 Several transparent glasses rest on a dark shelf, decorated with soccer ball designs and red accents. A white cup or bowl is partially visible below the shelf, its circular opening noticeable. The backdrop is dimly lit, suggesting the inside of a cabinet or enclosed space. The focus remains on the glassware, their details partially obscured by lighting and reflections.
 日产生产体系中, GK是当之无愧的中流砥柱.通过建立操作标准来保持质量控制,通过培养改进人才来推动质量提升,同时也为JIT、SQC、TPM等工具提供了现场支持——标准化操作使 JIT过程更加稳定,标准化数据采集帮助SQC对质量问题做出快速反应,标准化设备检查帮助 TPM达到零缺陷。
::::
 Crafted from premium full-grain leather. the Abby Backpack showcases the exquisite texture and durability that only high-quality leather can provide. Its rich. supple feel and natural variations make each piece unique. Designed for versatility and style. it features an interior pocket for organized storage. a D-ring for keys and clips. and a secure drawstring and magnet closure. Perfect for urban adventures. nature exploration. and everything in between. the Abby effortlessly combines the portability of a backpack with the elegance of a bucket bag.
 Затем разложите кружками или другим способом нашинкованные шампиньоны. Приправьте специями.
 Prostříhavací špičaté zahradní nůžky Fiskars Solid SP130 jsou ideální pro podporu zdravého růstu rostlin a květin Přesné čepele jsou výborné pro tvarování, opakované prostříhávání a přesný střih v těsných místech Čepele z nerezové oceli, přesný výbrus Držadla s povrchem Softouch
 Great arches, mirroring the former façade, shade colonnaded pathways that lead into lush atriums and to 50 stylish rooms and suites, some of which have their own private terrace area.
::::
## What to do
Reproduce the lines above, beginning at the line with "Затем разложите кружками" and stopping after the line with "Great arches, mirroring", exactly as they are.

## Your solution
 Затем разложите кружками или другим способом нашинкованные шампиньоны. Приправьте специями.
 Prostříhavací špičaté zahradní nůžky Fiskars Solid SP130 jsou ideální pro podporu zdravého růstu rostlin a květin Přesné čepele jsou výborné pro tvarování, opakované prostříhávání a přesný střih v těsných místech Čepele z nerezové oceli, přesný výbrus Držadla s povrchem Softouch
 Great arches, mirroring the former façade, shade colonnaded pathways that lead into lush atriums and to 50 stylish rooms and suites, some of which have their own private terrace area.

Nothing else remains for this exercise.